**EXERCISE INSTRUCTIONS**
Using the records below, copy exactly the part that opens with the line holding "Design: Design criativo" and closes with the line holding "タロットクロス 星座柄 みどり色", minus the pictures.
==*==
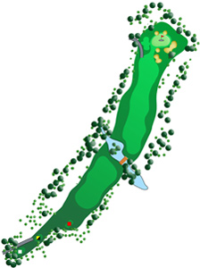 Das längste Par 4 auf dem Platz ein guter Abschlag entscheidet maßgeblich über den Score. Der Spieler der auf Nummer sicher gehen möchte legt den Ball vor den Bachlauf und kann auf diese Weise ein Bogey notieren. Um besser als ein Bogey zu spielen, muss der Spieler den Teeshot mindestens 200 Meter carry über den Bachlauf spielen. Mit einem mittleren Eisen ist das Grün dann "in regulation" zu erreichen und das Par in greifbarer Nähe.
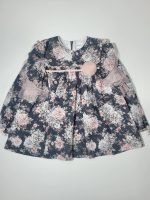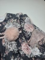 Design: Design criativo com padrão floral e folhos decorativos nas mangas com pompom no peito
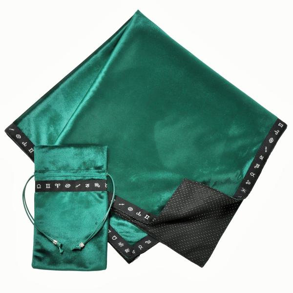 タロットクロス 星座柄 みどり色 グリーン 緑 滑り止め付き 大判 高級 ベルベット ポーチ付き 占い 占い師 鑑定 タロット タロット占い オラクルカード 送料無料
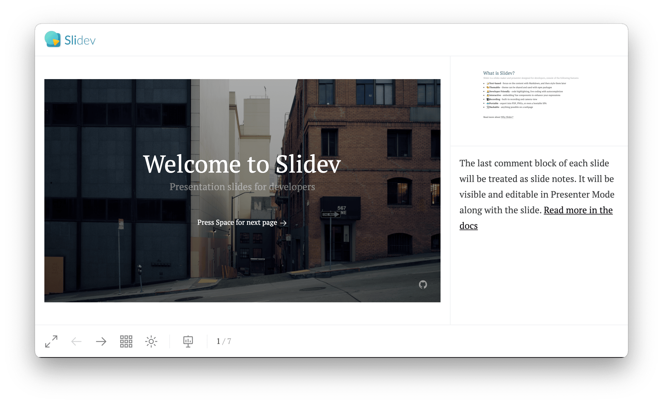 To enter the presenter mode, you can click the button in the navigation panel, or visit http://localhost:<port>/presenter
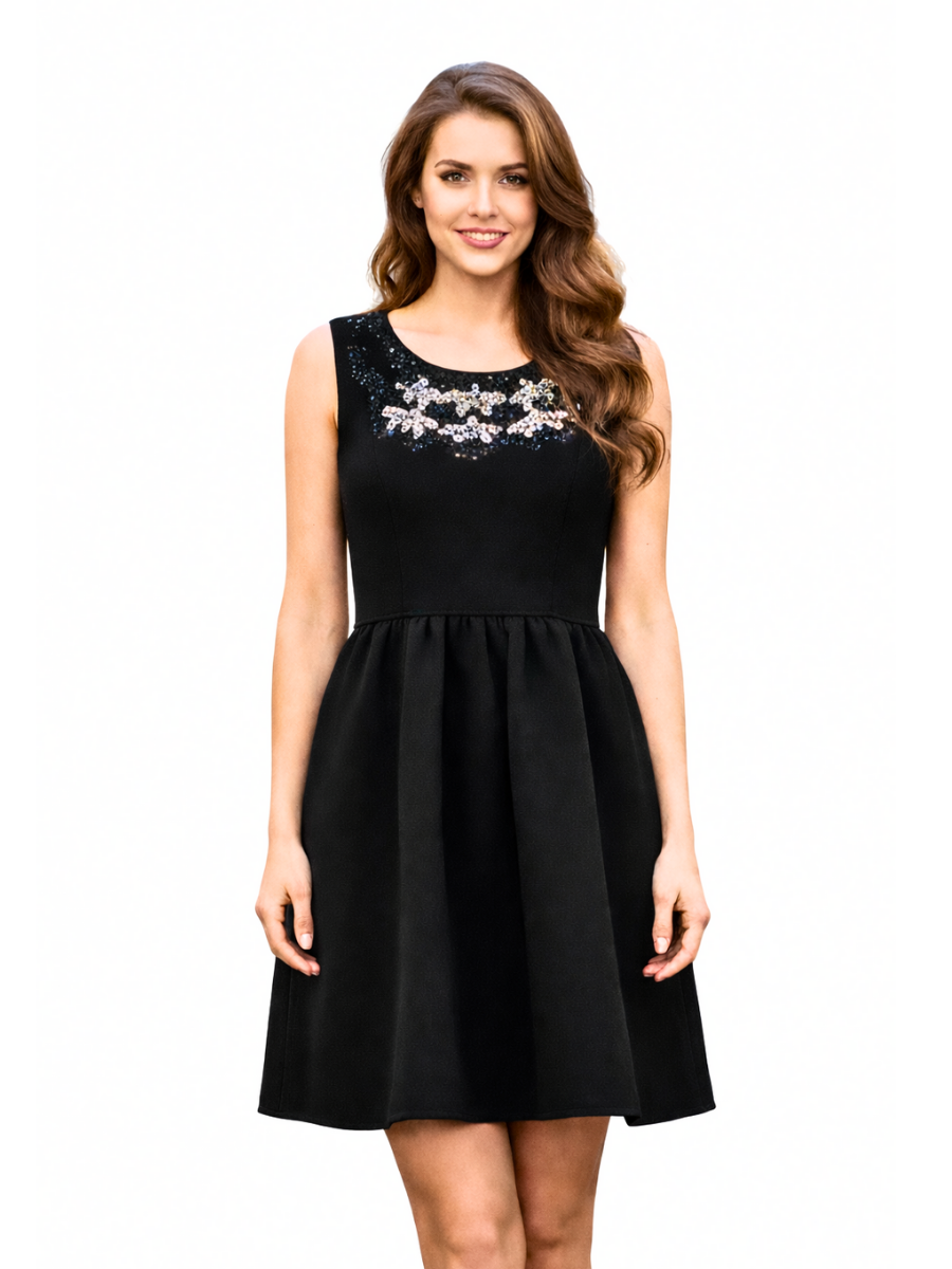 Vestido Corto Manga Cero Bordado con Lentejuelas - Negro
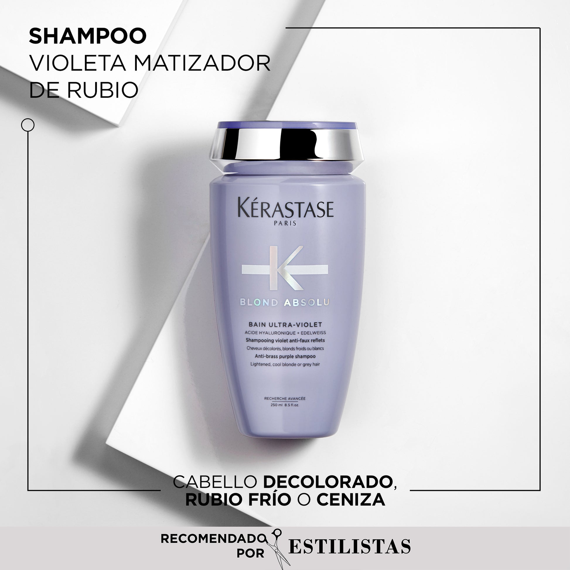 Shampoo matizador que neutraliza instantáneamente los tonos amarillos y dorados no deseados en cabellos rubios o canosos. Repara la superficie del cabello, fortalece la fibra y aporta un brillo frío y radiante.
==*==
**RESULT**
 Design: Design criativo com padrão floral e folhos decorativos nas mangas com pompom no peito
 タロットクロス 星座柄 みどり色 グリーン 緑 滑り止め付き 大判 高級 ベルベット ポーチ付き 占い 占い師 鑑定 タロット タロット占い オラクルカード 送料無料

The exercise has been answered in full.